Let’s take a step back. Why exactly do we need to check the syntactical state of Emacs? To understand what’s going on, you’ll need to know that the first step when building a major mode for a programming language is to set up the syntax tables so that Emacs can recognize strings and comments properly. Once this has been done, both syntax highlighting and movement work correctly. This hack has been done back then to have that special case dealt with in a performant manner, albeit it only works properly for languages looking like C or Lisp. Single characters can be marked as having a special syntax, with extra slots for two-character sequences. In Lisp, a semicolon would start the comment and every newline would terminate one, in C the comment starters and enders would be /* and */. If you’re using a language with more complicated rules than that, there is the crutch of writing a custom syntax-propertize-function that walks over an arbitrary buffer region and applies syntax properties manually. This is how triple-quoted strings are implemented in python.el, the same technique is used to highlight a S-expression comment in scheme.el which starts with #; and extends to the following S-expression.

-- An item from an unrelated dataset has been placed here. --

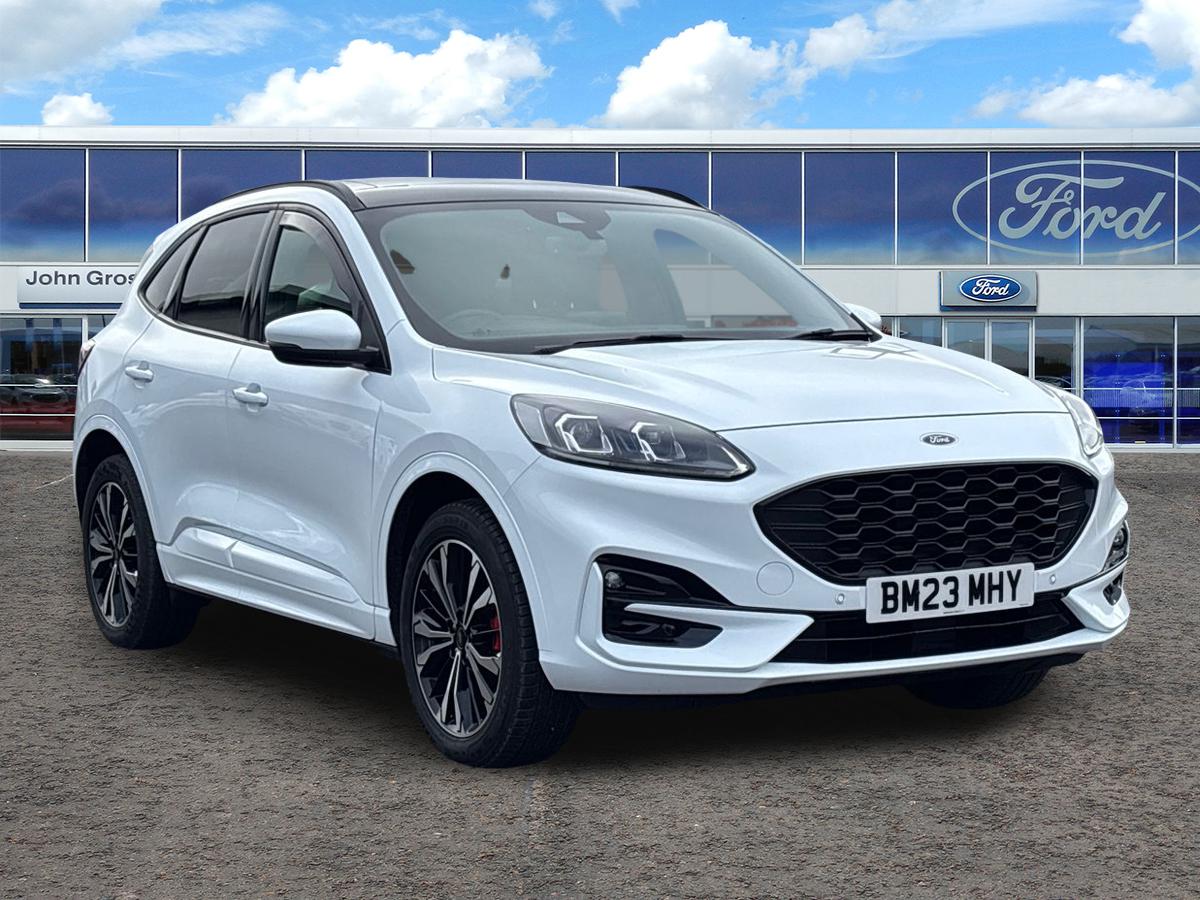 Insurance Group 21, 0 Previous Owners, ..12.3'' digital colour instrument cluster, Ford easy fuel, Ford SYNC 3 with 8'' TFT LCD touchscreen, App Link, andriod auto/apple carPlay, emergency assistance and navigation with Ford pass connect, Front and rear parking sensors, Geo awareness, Hands free power tailgate, Lane keeping aid with lane departure warning, Power assist steering, Rear view camera, Selectable drive modes, Service interval indicator, 3Pin Home charge cable (230V/16A Domestic socket), 3.7 kW monophase on board charger, Sports suspension, Twist beam rear suspension, B&O premium audio system with 10 speakers and subwoofer, 2 USB ports, DAB radio/CD, Auto headlamps with high and low beam, Black roof rails, Body colour bumpers, Day/night rear view mirror, Front LED fog lamps, Large rear roof spoiler, LED daytime running lights, LED rear lights, Power folding, electrically adjustable and heated door mirrors with puddle lights, Power front/rear windows with global close, Power opening panoramic roof, Quickclear heated windscreen, Rain sensing wipers, Rear privacy glass, Rear side wing doors, Rear wiper, ST Line body styling kit with unique front and rear fascia and bumper, rear painted diffuser, front painted skid plates, dark mesh upper grille, ST Line front scuff plates, Third brake light, Twin exhausts, 2nd row sliding seats with 60:40 split, Alloy pedals, Centre console with electronic parking brake, Dark headlining and pillars, Electronic automatic temperature control (EATC), Flat bottomed leather steering wheel in sensico with red stitching, Front and rear head restraints, Heated passenger and driver seats, Heated rear seats, Heated steering wheel, Partial premium touch Sensico with black cloth inserts and red stitching, Rear centre head restraint, Single front passenger seat, Sports seats, ST Line front and rear floor mats, 3x3 point rear seatbelts, Airbags front driver/passenger, front and rear curtain, Drivers knee airbag, Electronic stability control (ESC) and ABS, Ford MyKey Gen 2 safety system, Manual child proof rear door locks, Post collision braking, Pre collision assist with autonomous emergency braking, Rear seat Occupancy alert, Red brake calipers, Tyre pressure monitoring system, Engine immobiliser, Keyless entry and Ford power start button (Keyless start), Locking wheel nuts, Remote powered central double locking doors, Thatcham category 1 alarm

Unfortunately, not all modes play well. Some resort to just painting over the thing to be a comment or string by applying the right face to it and sacrifice proper movement over symbols and S-expressions. It shouldn’t be surprising that given the choice to fix faulty modes or circumvent a cumbersome API, plenty Emacs hackers pick the latter and get more robust handling for free. After all, practicality beats purity, right?

[1]I’ve seen at least one mode checking slot 8 instead. A detailed analysis of the difference is left to the reader as exercise.